Mallory Reynolds and the Chunky Milk Betrayal
- katorode
- Aug 13, 2025
- 2 min read
Mallory Reynolds and the Chunky Milk Betrayal
Mallory awoke in what could only be described as a fog of regret, dehydration, and faint echoes of karaoke. Her mouth tasted like she’d licked the inside of a battery. Her mascara was smeared across her cheek in the shape of Oklahoma. She shuffled to the kitchen like a wounded raccoon, clutching her skull and muttering, “Never again,” which was a lie she’d told herself 742 times.

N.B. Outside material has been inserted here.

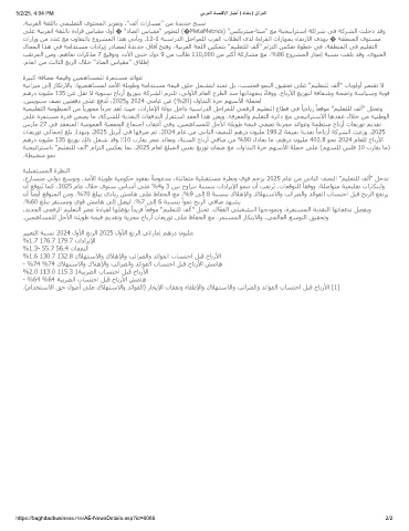 تﺎﻌﻳزﻮﺗ ﻲﻟﺎﻤﺟإ ﻎﻠﺑ ،اﺬﮫﺑو .2025 ﻞﻳﺮﺑأ ﻲﻓ ﺎﮫﻓﺮﺻ ﻢﺗ ،2024 مﺎﻋ ﻦﻣ ﻲﻧﺎﺜﻟا ﻒﺼﻨﻠﻟ ﻢھرد نﻮﯿﻠﻣ 199.2 ﺔﻤﯿﻘﺑ ﺔﻳﺪﻘﻧ ﺎﺣﺎﺑرأ ﺔﻛﺮﺸﻟا ﺖﻋزو ،2025

What she needed was cereal. Sweet, crunchy, artificially colored cereal. The kind meant for toddlers with hyperactivity disorders. She found a dusty box of “Sugar Clown Krunch”—a discontinued monstrosity with a horrifying mascot and 47 grams of sugar per serving. Perfect.
She poured it into a bowl with the grace of a cement mixer, then opened the fridge to grab the milk. The jug was heavy. She gave it a sniff. “Hmm,” she mumbled. “Might be fine. Might be a biohazard. Let’s roll the dice.”
Mallory sat cross-legged on the couch, blanket wrapped around her like a human burrito, and began eating. One bite, two bites, eight glorious, crunch-coated spoonful.
And then—it happened.
On bite number nine, she felt it. A texture. A resistance. A glorp.
She froze. Chewed slowly. Tilted her head like a confused pigeon.
Something was... curdling. Inside her soul.
She looked down. Floating in her cereal like sinister little marshmallow impostors were white, lumpy blobs. She blinked. They blinked back.
“NOPE!” she shrieked, dropping the spoon, which landed in her lap with a wet slap. She launched the bowl into the sink like it was radioactive. Which, arguably, it was.
The milk jug, upon closer inspection, had expired three weeks ago. The expiration date simply said, “WHY THO.”
Mallory stood in her kitchen, milk dribbling down her sweatshirt, eyes wide with the kind of existential panic that only fermented dairy can bring.
She called her best friend Helen.
“HELEN. I JUST ATE SOUR MILK CEREAL.”
Helen paused. “How many bites?”
“EIGHT.”
“…That’s not breakfast. That’s a hate crime.”
“I think I have internal cottage cheese now. Should I call 911 or like... a priest?”
“Both. And burn your tongue off.”
Later that day, Mallory tried to drink a mimosa “to kill the bacteria.” It did not help. She burped and smelled fear.
And that, children, is why Mallory now sniffs everything like a suspicious raccoon before she eats it. Even bananas. Especially bananas.